Nitric oxide is a key modulator of immune responses and is overproduced in the airways of type 2 asthma patients. FeNO levels have long been recognized as a valid biomarker for the clinical management of severe asthma, not only for the phenotypic characterization of the disease, but also for assessing the disease evolution and treatment strategies.3,8,10 FeNO levels are particularly useful as a diagnostic tool in ICS-naïve patients, to monitor patient compliance with treatment, and are good predictors of response to ICS, asthma exacerbations and decline of lung function.11 In particular, the combination of elevated FeNO levels and an elevated blood eosinophil count is a good indicator of the higher exacerbation burden in severe asthma.12 FeNO levels are also useful to monitor and guide the therapeutic strategy, and to predict the responsiveness to some biological therapies.13 In short, FeNO evaluation is a low-cost, non-invasive procedure that is useful as a surrogate biomarker for the assessment and management of severe asthma. Therefore, the routine use of FeNO testing can play an important role in effective asthma control.

Interpreting FeNO levels is not straightforward as there are many possible underlying causes for variations in FeNO levels: smoking habits, diet, respiratory tract infections, time of day, height, gender, age, etc.11 This precludes the use of this biomarker alone to define type 2 severe asthma and most specialists rely on several biomarkers simultaneously in endotype assessment. FeNO levels are easier to interpret when very high levels are observed.

In Portugal, biomarker-based asthma phenotyping assays are reimbursed by the public national health service. However, FeNO testing is not reimbursed by private insurance companies. In addition, FeNO testing is not available at all hospitals/centers. In order to assess clinical practice of FeNO testing in Portugal, a panel of immunoallergologists and pulmonologists was informally invited to participate anonymously in an online survey. The data obtained (see Table 1), demonstrates that FeNO testing is still not routinely used in clinical practice in Portugal mainly due to access constraints: the lack of devices or consumables for FeNO measurement. Interestingly, for those who reported using FeNO testing with all asthma patients, the biomarker is mainly used for disease activity monitoring purposes, and for those who use FeNO routinely but not for all patients, the reported criteria for testing included severe and type 2 asthma patients.
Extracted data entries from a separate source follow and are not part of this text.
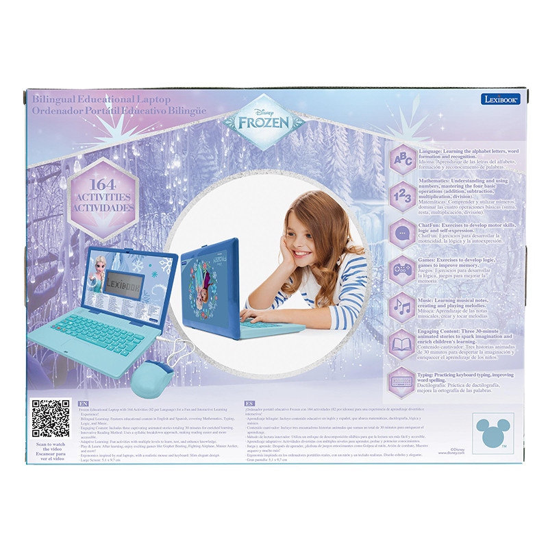 Portátil educativo con 164 actividades (82 en cada idioma) para una experiencia de aprendizaje divertida e interactiva con Frozen!
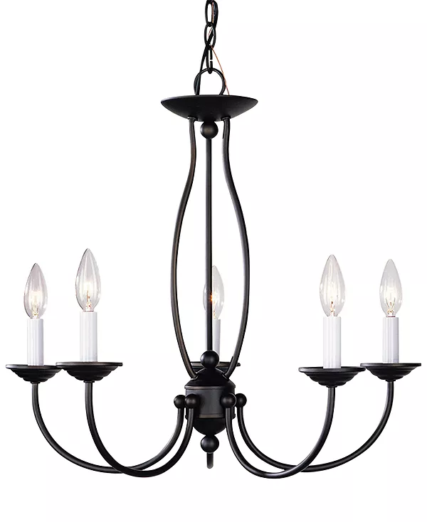Добавьте тёплого света и современной простоты в свой интерьер с люстрой Home Basics от Livex. Изготовленный вручную бронзовый каркас украшен широкими арками, на которых закреплены пять лампочек, что создаёт лаконичный образ для переходных зон или столовых.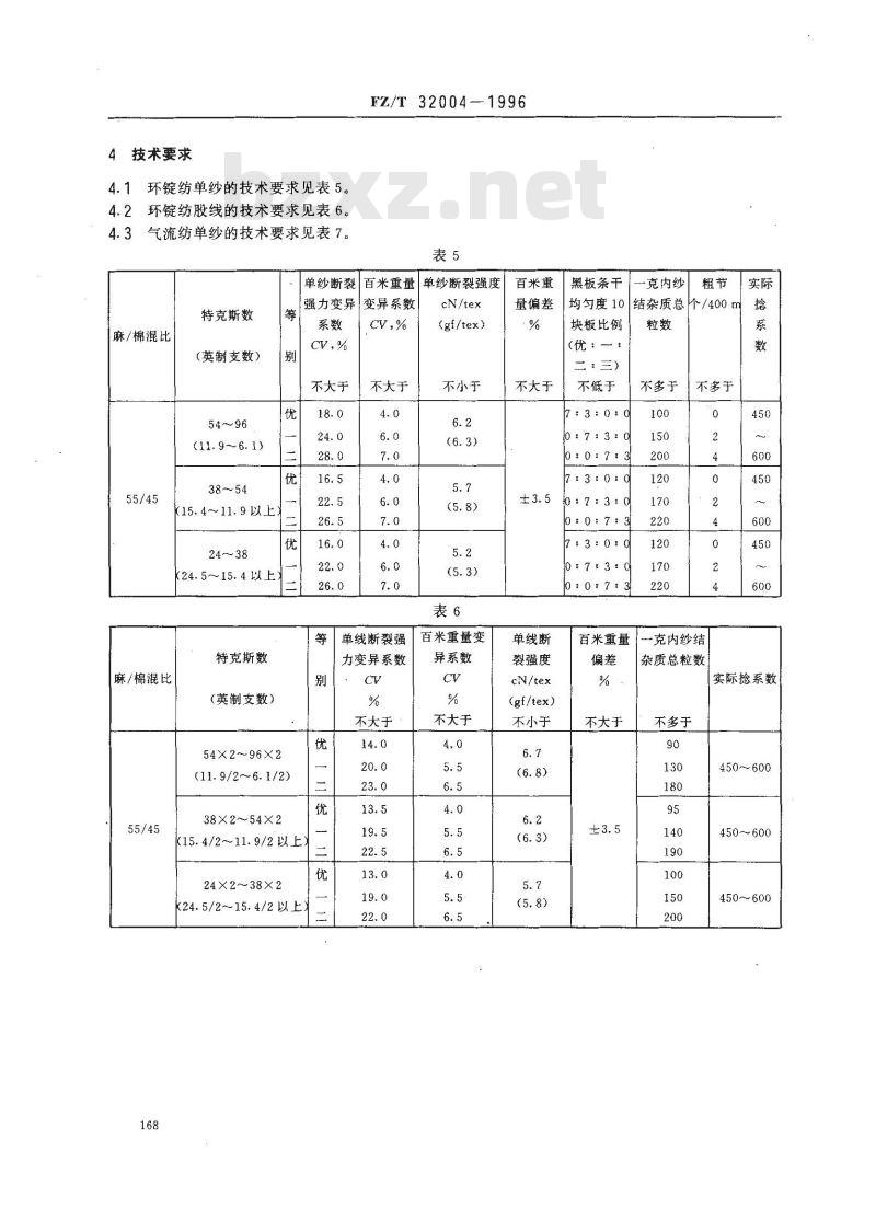 4.1环锭纺单纱的技术要求见表5。4.2环锭纺股线的技术要求见表6。4.3气流纺单纱的技术要求见表7。单纱断裂

In conclusion, although FeNO testing appears to be recognized by Portuguese asthma specialists as an important tool for disease management, particularly in patients with severe and/or type 2 asthma, there are access constraints to this assay that need to be addressed in Portugal. Generalized access to FeNO testing will add value to the clinical management of asthma patients and improve symptom control. FeNO testing is also particularly relevant in severe asthma patients as it can serve to predict responsiveness to some new biological therapies and contribute to more cost-effective therapeutic options: e.g., high FeNO levels are one of the prescription criteria for dupilumab, a novel biologic for the treatment of severe asthma. We thus recommend that FeNO testing should be established as a routine procedure in clinical practice in Portugal for the diagnosis and management of asthma patients or at least be available in all reference centers.